Widziałem, jak przyjaciółki pchnęły ją w stronę kolejki. Widziałem, że najpierw się ekscytowała, ale potem szybko tego żałowała. Szczerze, to wiem, że mam przed sobą inne osoby, ale holy shit, nie mogłem przestać o niej myśleć....
Gdy w końcu nadeszła jej kolej, podała mi Power i odezwała się.
- Czy mogłabym poprosić o podpis? - zapytała cicho, na co ja się uśmiechnąłem dosłownie na instancie.
- Oczywiście złotko, nie musisz się pytać, przecież jak chcesz to ci mogę czoło podpisać~- odpowiedziałem jej, obracając moje słowa w lekki żart, ale na serio bym to zrobił.
- Ta? To dawaj. - Nie wiem, jak to się stało, ale nagle zmieniła nastawienie do mnie i uniosła grzywkę.
- Ale ja-
- Taki jesteś kozak to zrób to! - zaśmiała się.
- No dobra kochaniutka, jak tak się bawisz.. - wziąłem długopis i delikatnie podpisałem się na jej czole, tak jak chciała.
- Oooki, mogę się przytulić??
Zaśmiałem się i przytuliłem ją, najmocniej jak tylko mogłem. Boże jaka ona jest malutka-
Grzegorz tylko patrzył, i po prostu przysięgam, że gdyby mógł zmieniać wyraz twarzy, miałby lenny face'a.
- Jesteś wysoki, wiesz?
- A ty niska.
Może i mam te 181 centymetrów, ale ona miała nie więcej niż 160cm, no błagam..

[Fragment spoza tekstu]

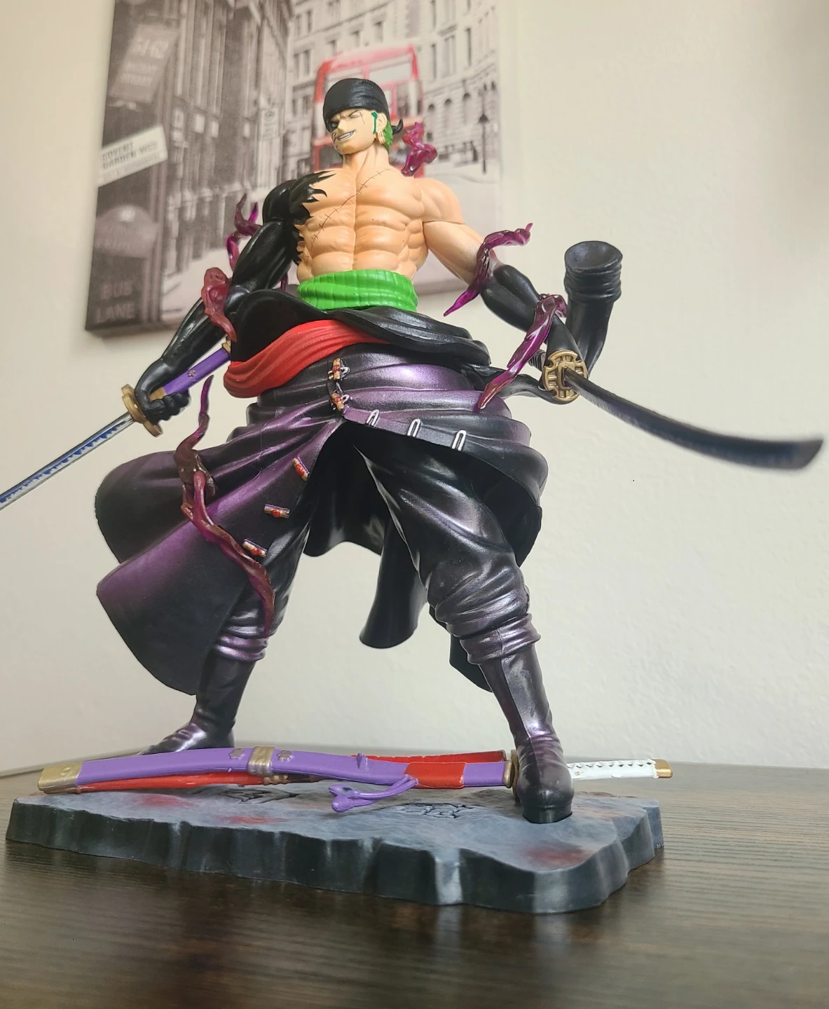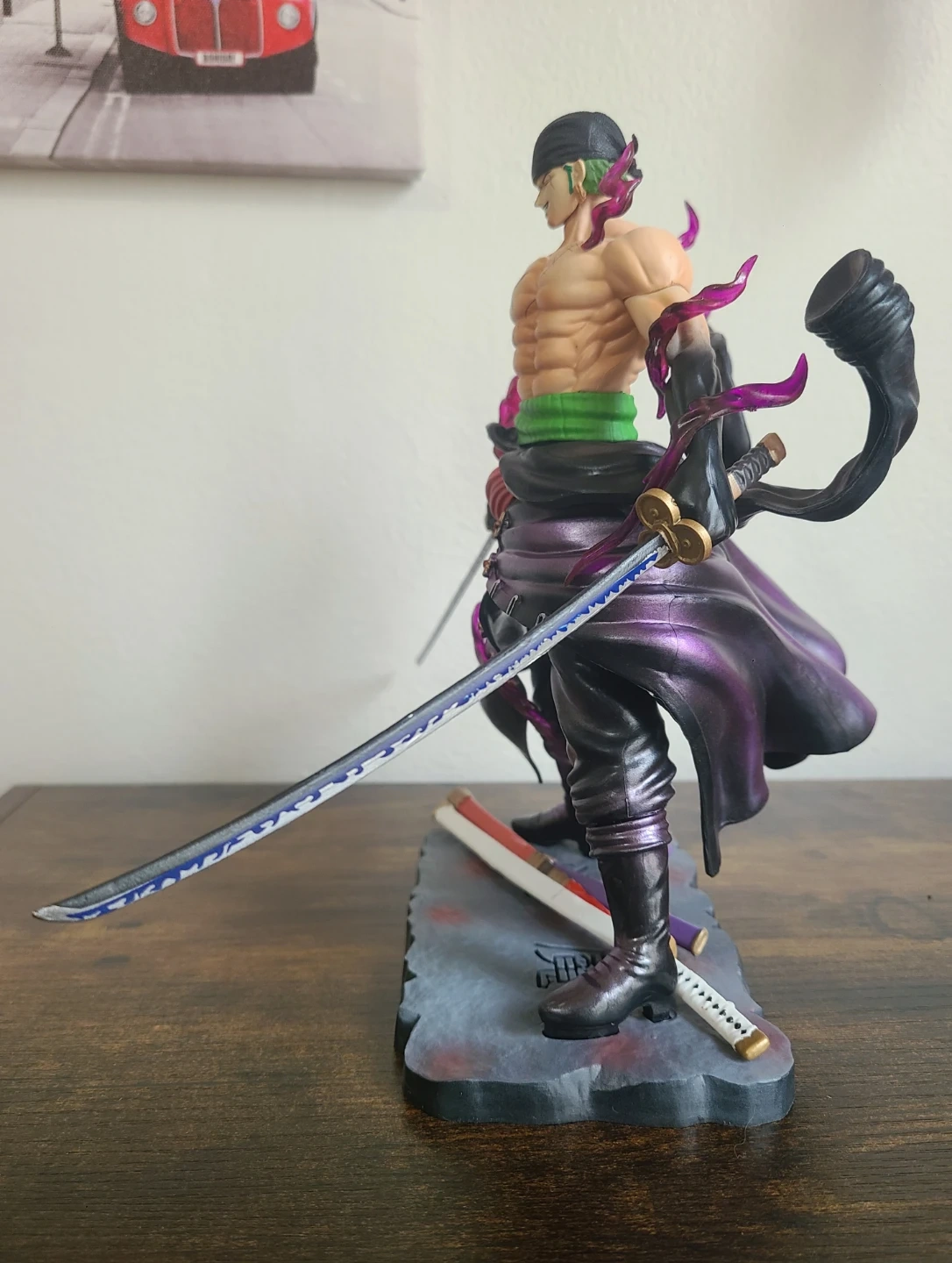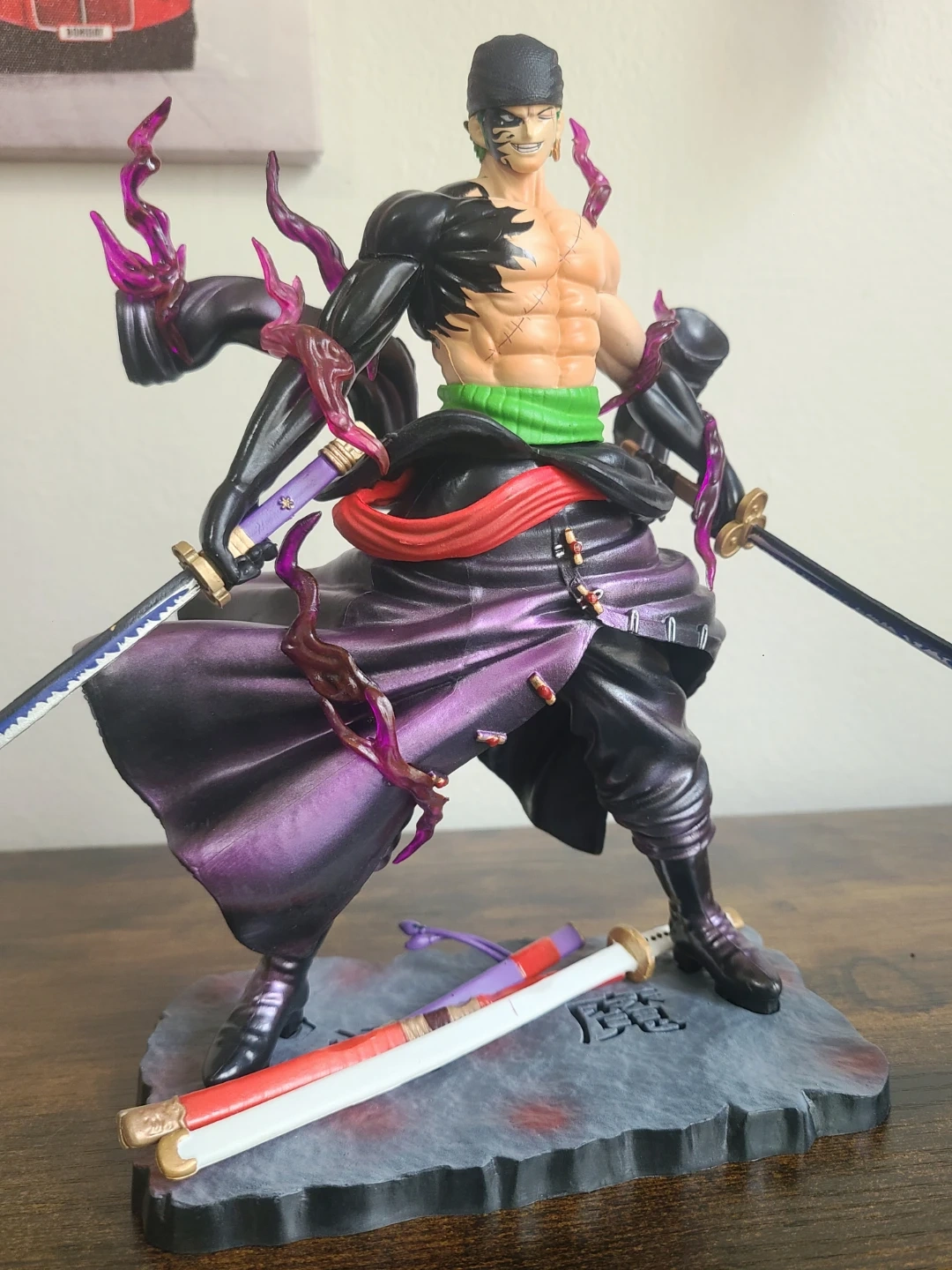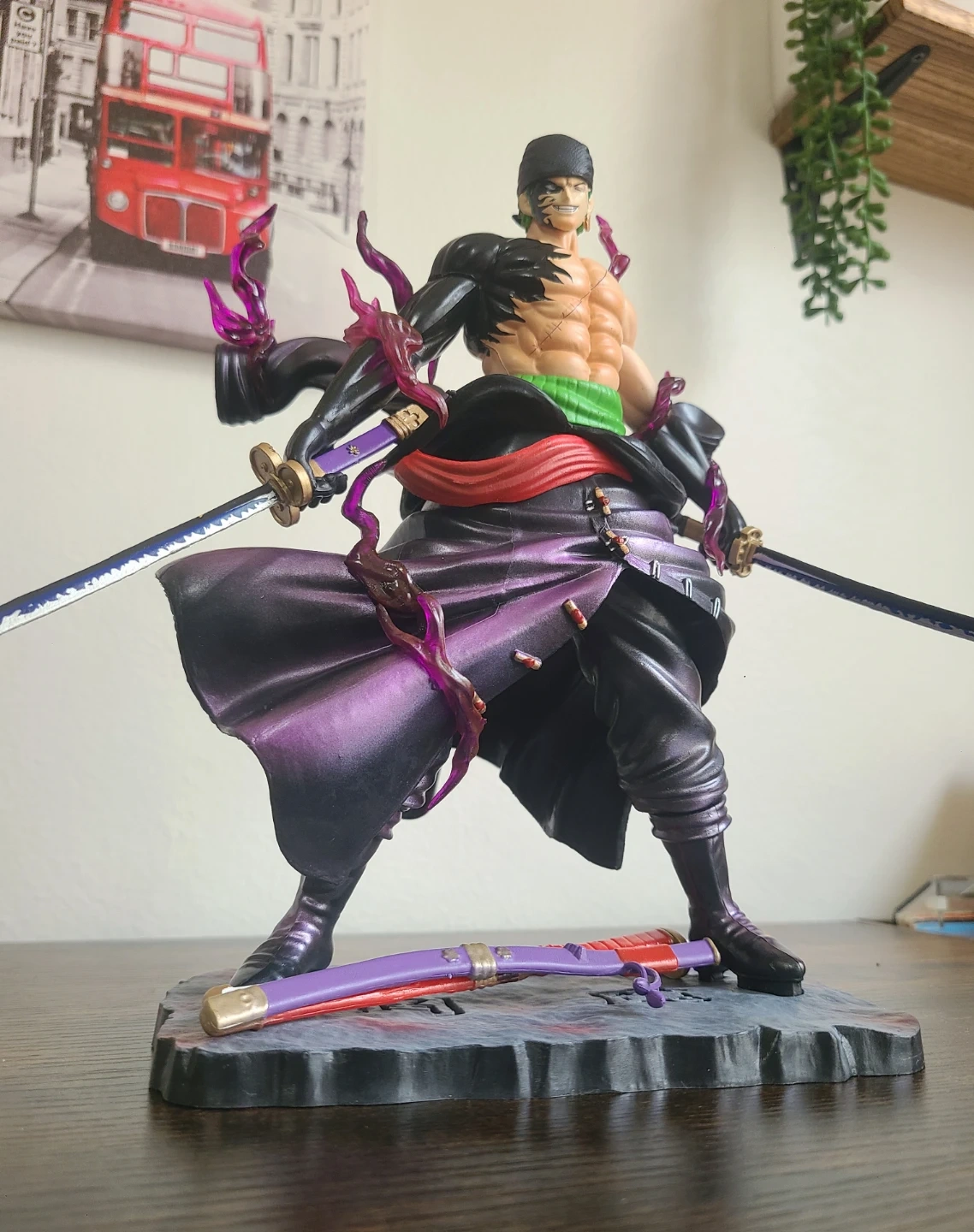This is a Roronoa Zoro figure from One Piece. It depicts him in his battle-ready stance with swords. The figure is made of plastic and features intricate details. The size of the figure is 10 inches
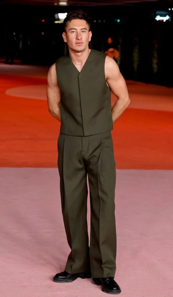 Главная звезда нового фильма Эмиральд Феннел «Солтберн» предстал на красной дорожке в костюме коричневого цвета, состоящего из брюк и жилета. Лаконично брутальный образ актёр подчеркнул ботинками на толстой подошве, впечатляющими бицепсами и слегка взъерошенной причёской.
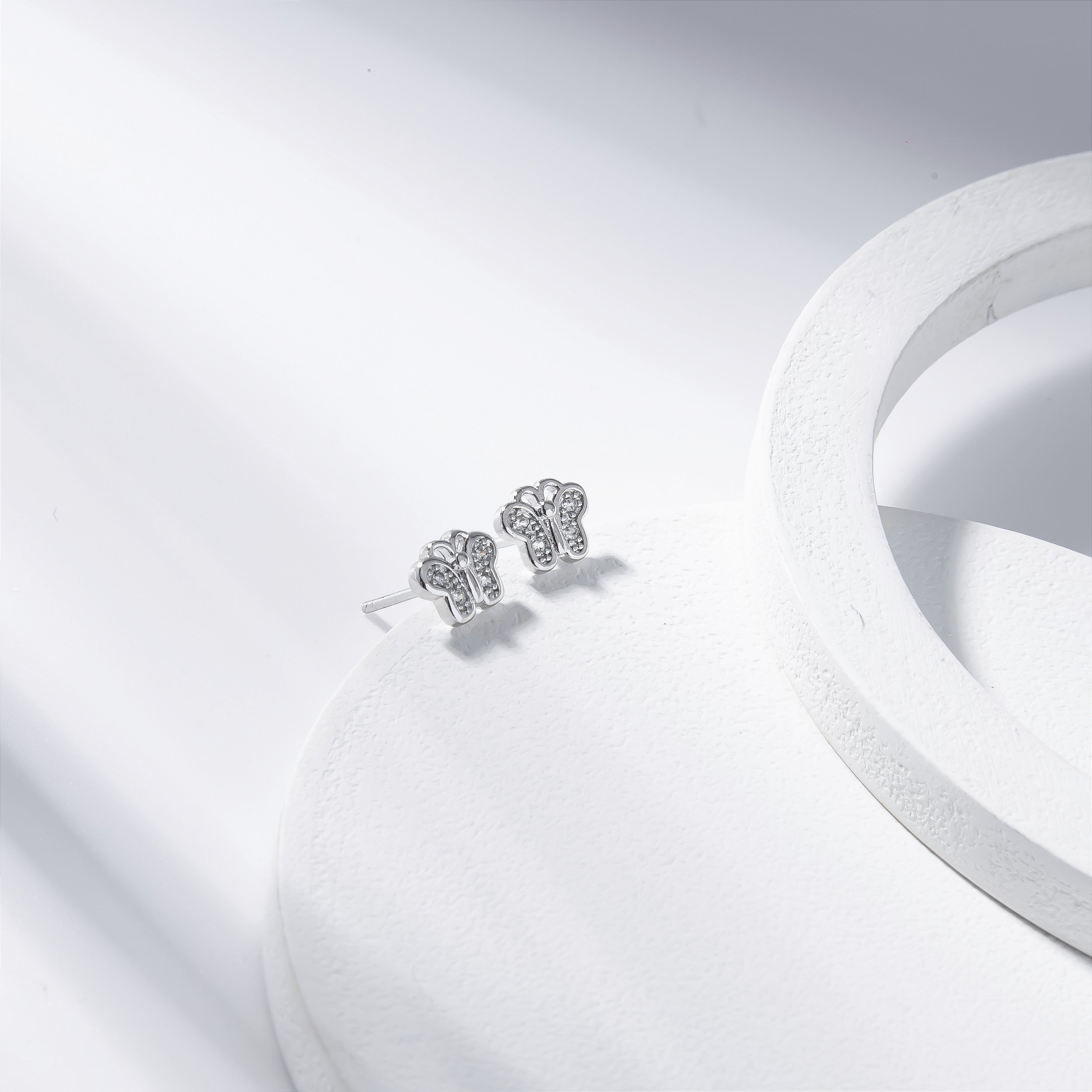 Brinco Borboleta Zircônia Incolor Banho de Ródio Branco
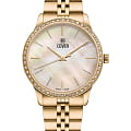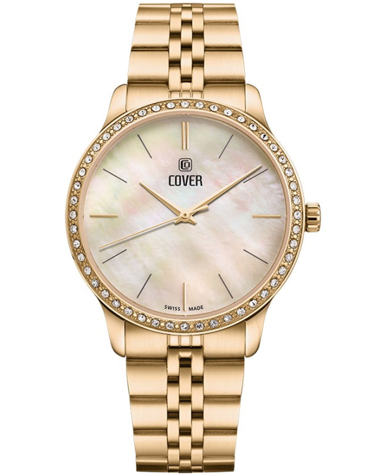Женские наручные часы Cover Saraya CO206.04 сочетают в себе элегантный дизайн и надежность современных технологий. Модель обладает круглым корпусом диаметром 36 мм, изготовленным из нержавеющей стали с PVD-покрытиемPVDУльтратонкое покрытие наносится в технике вакуумного напыления, сочетает в себе нитрид титана особой прочности со слоем золота или оксида хрома. Несёт в себе декоративную или защитную функцию., что обеспечивает высокую устойчивость к внешним воздействиям. Безель из стали с PVD-покрытиемPVDУльтратонкое покрытие наносится в технике вакуумного напыления, сочетает в себе нитрид титана особой прочности со слоем золота или оксида хрома. Несёт в себе декоративную или защитную функцию. декорирован кристаллами Swarowsky, которые придают часам особый шик и неповторимый вид. Для защиты используется сапфировое стеклоСапфировое стеклоПрочный и надёжный материал из кристалла сапфира синтетического происхождения, характеризующийся особой твёрдостью и устойчивостью к царапинам и повреждениям., обеспечивающее прочную защиту от царапин. Браслет выполнен из нержавеющей стали на раскладной застёжкеРаскладная застёжкаТакой тип застёжки используется только на браслетах из металла. Она никогда не раскрывается полностью, происходит разделение на 2 и более частей. Раскладывающая застёжка снизит вероятность потери часов к минимуму., которая отличается удобством использования. Часы работают на кварцевом механизме, основанном на ETA 902.002, что гарантирует точное время без необходимости подзаводки. Водонепроницаемость часов составляет 5 атмосфер, что позволяет использовать их в повседневной жизни, однако не рекомендуется для плавания или водных видов спорта.
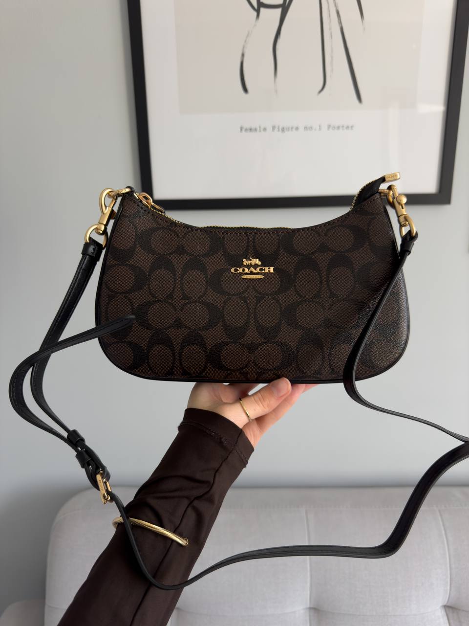 Розмір 24х14х6,5смМатеріал: шкіраОдин відділ + кишеняЛого всередині, лого на фурнітуріВ комплекті: довгий ремінецьПакування: брендована коробка, пакувальний папір, пильник

Oczywiście o mało co nie dostałem plaskacza prosto w ryj, ale szybko zrobiłem unik.
- O Boże, przepraszam, zapomniałam się...
- Jest okej, traktuj mnie jak jakiegoś swojego bestie. Przy okazji, czy mogłabyś sprawić, że w moim telefonie znajdzie się twój numer~?- zapytałem.
Cholera, co ja robię?
- Ty, nie bądź taki flirciarski bo zaraz kopa w dupa dostaniesz. - odpowiedziała mi, obydwaj się roześmialiśmy a potem dziewczyna podyktowała mi swój numer telefonu.
- Jestem (T/I) iii... muszę już lecieć. See ya niunia! - to było ostatnie słowo, które od niej dzisiaj usłyszałem, i aż mi w uszach zabrzęczało i tylko to jedno słyszałem. Po chwili jednak otrząsnąłem się i popatrzyłem na mojego przyjaciela.
- Grzegorz widziałeś ją..?
- A...ty przypadkiem-
- ZAMKNIJ MORDE.
- Nie o to mi chodzi...
Moja świnka wyszeptała kilka słów...i miał rację.. wydaje się taka....znajoma...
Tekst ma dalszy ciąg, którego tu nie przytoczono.